Я проснулся потому, что большая ящерица, бегавшая по потолку, упала мне на голую грудь. В хижине было совершенно темно и очень душно. С площади доносилось негромкое постукивание опахала по обожжённой земле, стража бодрствовала, всё было в порядке.
Я хотел повернуться и заснуть снова, потому что голова болела от жары и тяжёлых путаных снов, как вдруг, снова погружаясь в дремоту, услышал слабый скрип, едва уловимый в безмолвии ночи. Кто-то лёгкими шагами осторожно поднимался по лесенке, ведущей на веранду.
Я сел на постели. Сердце тяжело билось. В голове ещё теснились видения сна. Сплю я или нет? Я напряг слух. Легкий скрип повторился и замер: неизвестный крался, останавливаясь через каждые 2–3 шага и прислушиваясь…
В другое время я встал бы и вышел взглянуть, в чём дело. Но сейчас, в полусне, вдруг испугался:
«Пробираются ко мне… Дикари… Убить…»
Я торопливо выхватил из-под подушки браунинг, удобнее сел на постели, разложенной прямо на полу посреди комнаты, и ощупью нашёл большой электрический фонарь. Быстро поставил его слева от себя на расстоянии вытянутой руки.
«Готово! Как только дверь откроется — включу свет, ослеплю входящих и открою огонь. Если они и успеют бросить копья на свет, то в меня не попадут…»
И в то же мгновение я услышал скрип половиц уже на веранде.

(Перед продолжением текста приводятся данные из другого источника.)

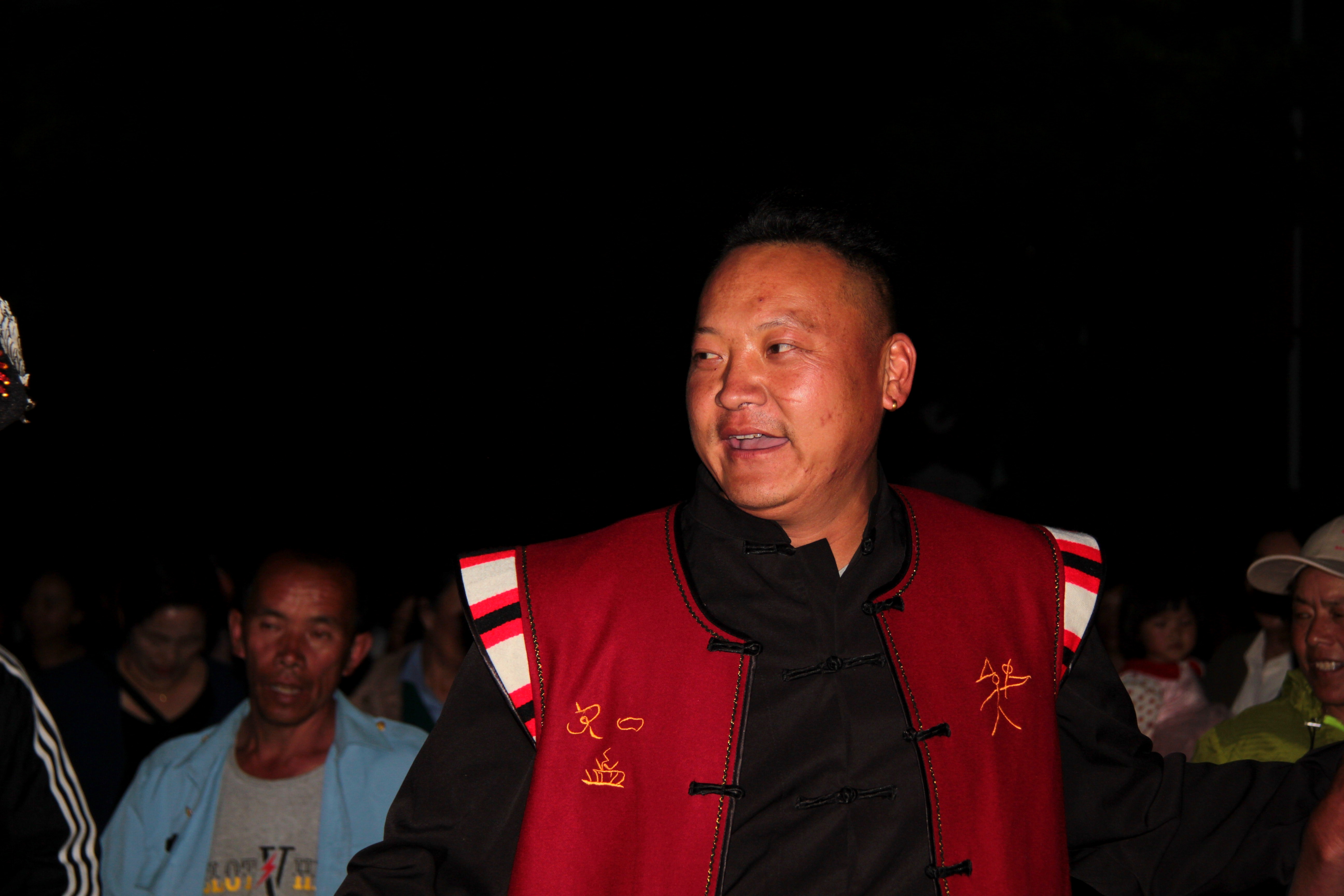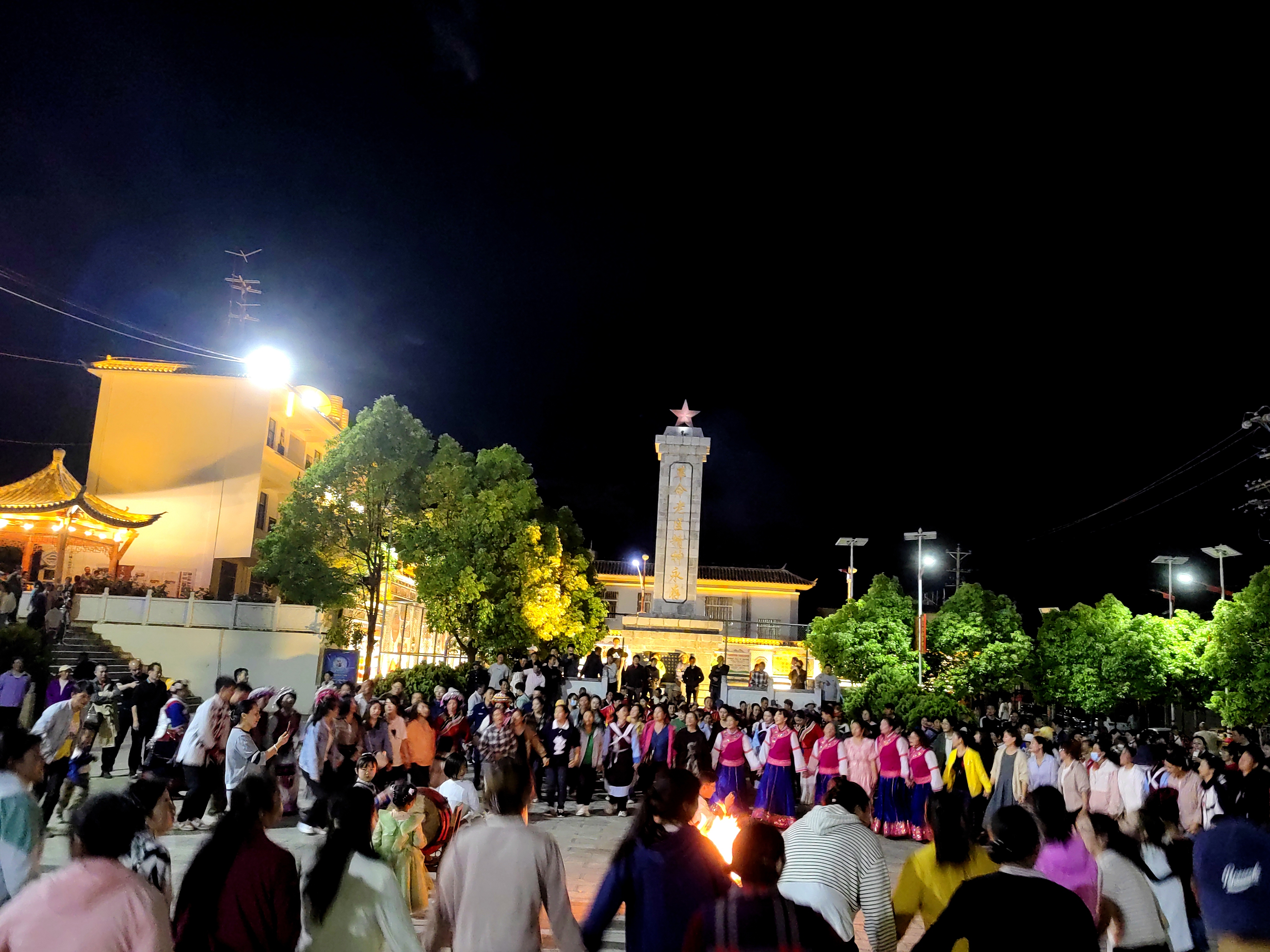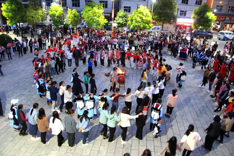 打跳開始了,不斷有圍觀群眾參與到打跳當(dāng)中,打跳選手手牽手把篝火圍了三四圈,篝火的映照下,大家臉上的笑容又燦爛了幾分。打跳歌曲從勁爆葫蘆絲換到納西三部曲又換到大蠻調(diào),換了無數(shù)首,而參與群眾仿佛不知疲倦一直激情打跳著,現(xiàn)場(chǎng)非常火熱。

Вот… Ближе… Кто-то, подойдя к моей двери, остановился…
Я поднял пистолет. Дверь скрипнула и начала открываться.
Засинело небо, замерцали звёзды.
Дальнейшее произошло в течение одной секунды. Включаю свет. Он слепит, я закрываю глаза… Открываю… И…
В дверях стоит девочка лет двенадцати и рукой прикрывает глаза от света. Её тонкая коричневая фигурка кажется золотой в лучах фонаря.
Минуту мы смотрим друг на друга молча. Сон прошёл, оружие в руке вызывает теперь досаду — чуть не подстрелил девчонку… Прячу браунинг под подушку, направляю сноп лучей в потолок. Закуриваю…
С курчавой головки девочки падают на плечи три белых пера. На груди, подвешенная на невидимом волоске, сидит огромная чудесно-синяя бабочка и медленно раскрывает и закрывает крылья.
— Что тебе нужно?
Певуче произнося непонятные слова, она робко отвечает, плавно жестикулируя ручкой.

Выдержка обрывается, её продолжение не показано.